Gatekeepers, for example, control the information flow from one family
member to another. Purse holders control the flow of money from within
the household. If a child expresses desire for a particular product to
his or her mother but the mother (gatekeeper) never tells the father
(purse holder), the child may not get the product. These decision-making
roles can also change from one family type to another; therefore,
understanding different family types is helpful.
Over the past several years, family types have drastically changed
from "nuclear families" to much more diverse family types.
These types include "fragmented" families that have a single
parent; "blended" families that include step-parents and
step-siblings; extended families that include extended family members
(aunts, uncles, cousins) also living in the same household; and
"intact" families that consist of two parents and one or more
children (Tinson, Nancarrow, Brace, 2008). Depending on the family type,
each individual family member may have more influence (in the case of
fragmented families) or less influence (in the case of extended
families) the number of people weighing in on a particular decision.
The evolution of family decision making over time has been well
researched. As women are spending more time outside the household and in
the workplace, there has been a shift in who makes the purchase
decisions in the household. Women have much more influence than they did
in the past, specifically in areas that used to be male-dominated like
the search for information, evaluation of alternatives, and final
decision making. Furthermore, men are gaining influence within areas
that used to be considered female-dominated, like childcare and grocery
selection (Belch and Willis, 2001). Therefore, purchasing a booster
seat, which may have traditionally been considered a female-dominated
choice, may be more likely to be done by the man of the family.
While a woman's role in family decision making may have
increased, so has the children's. Research shows several reasons
for children's increased input when it comes to family decision
making.
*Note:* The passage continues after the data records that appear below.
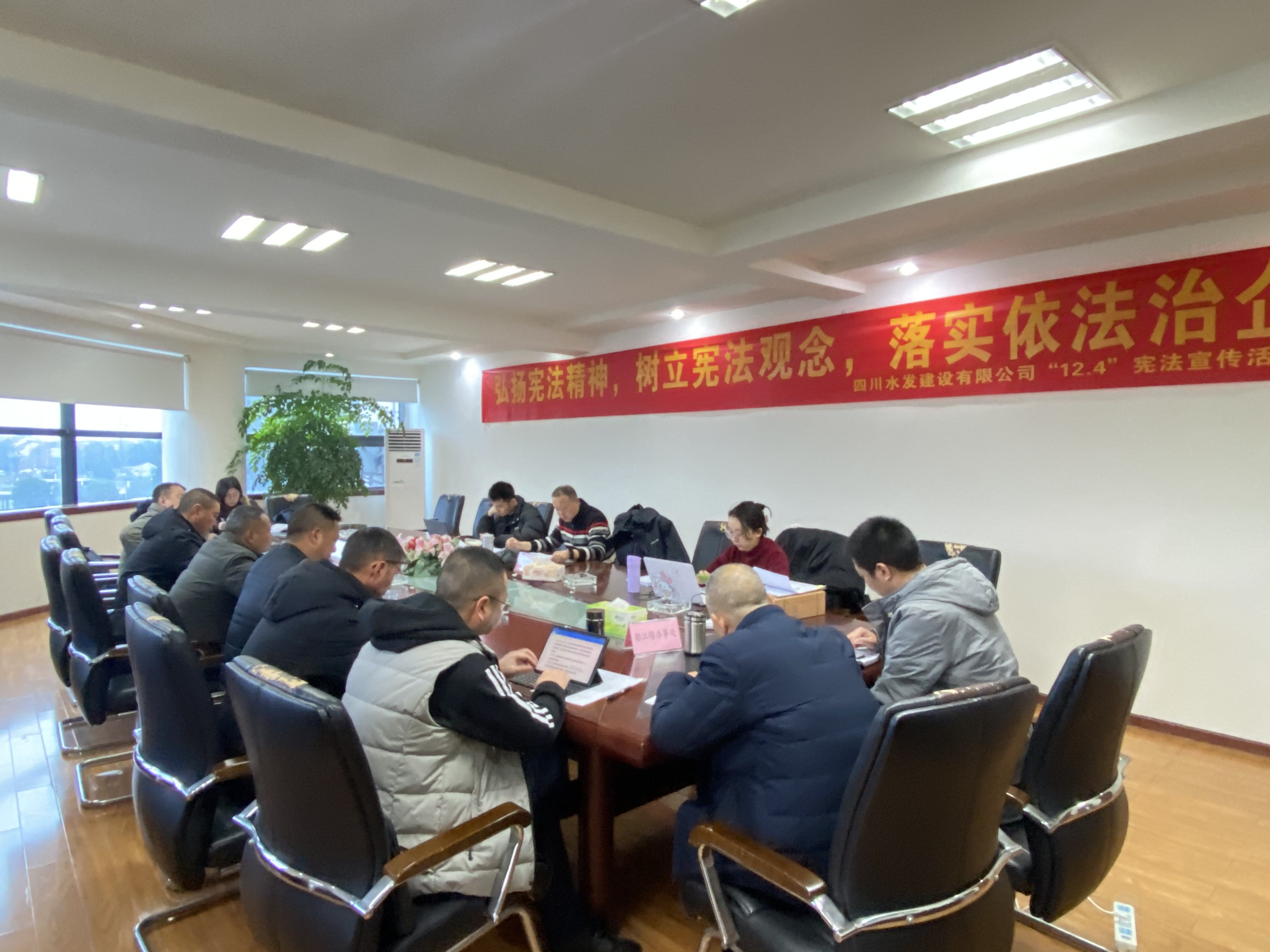 集團(tuán)總部迅速安排部署,以“憲法宣傳周”作為學(xué)習(xí)宣傳貫徹二十大精神的重要契機(jī),積極組織各下屬企業(yè)開展“法治水發(fā)——憲法進(jìn)企業(yè)”普法宣傳活動(dòng)。集團(tuán)領(lǐng)導(dǎo)高度重視,以各級(jí)黨委理論學(xué)習(xí)中心組為載體,專題學(xué)習(xí)傳達(dá)黨的二十大報(bào)告精神。同時(shí)集團(tuán)總部將內(nèi)部宣貫載體作為黨的二十大精神、憲法宣傳的重要補(bǔ)充,組織全體職工線上觀看參加2022年四川省“紀(jì)念現(xiàn)行憲法公布實(shí)施40周年”主題知識(shí)競(jìng)賽暨全省憲法宣傳周主題活動(dòng),充分領(lǐng)會(huì)憲法精神。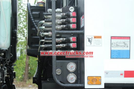 — - Sistema idraulico: È costituito da un serbatoio del carburante, una pompa dell'olio, una valvola a più vie, un cilindro idraulico, una conduttura, ecc La pressione idraulica è generalmente impostata su 16MPa e la potenza è ottenuta dal motore attraverso il decollo di potenza per guidare il carico e lo scarico, la compressione, il sollevamento e altre azioni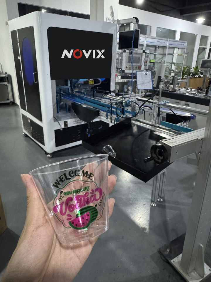 Imprimante UV jet d'encre numérique Novix 360 pour gobelets en plastique jetables, impression couleur intégrale sur gobelets en aluminium, bouteilles en verre et tasses

First, parents are having fewer children, giving each child more
influence. Second, the increase in single-parent families has resulted
in children doing their own shopping. Third, more and more mothers are
working outside the home, providing the family with more income to spend
on their children. Finally, with working families' hectic
lifestyles, children are forced to become more self-reliant (Caruana and
Vassallo, 2003).
How can an organization or business use children as an influence
within a family's decision-making process? Research shows that
children have a greater impact when they are better informed and have
more experience with consumer purchasing (Gram, 2007). This finding was
also supported in a study done in the South Pacific. This study showed
that one way children try to influence their parents' purchasing
decisions is rational persuasion. They use information they have
encountered as "real data" to support their request for a
product or service (Wimalasiri, 2004). Therefore, organizations or
movements interested in increasing booster-seat and seatbelt awareness
may find it helpful to provide children with necessary information to
take home and share with the rest of their family.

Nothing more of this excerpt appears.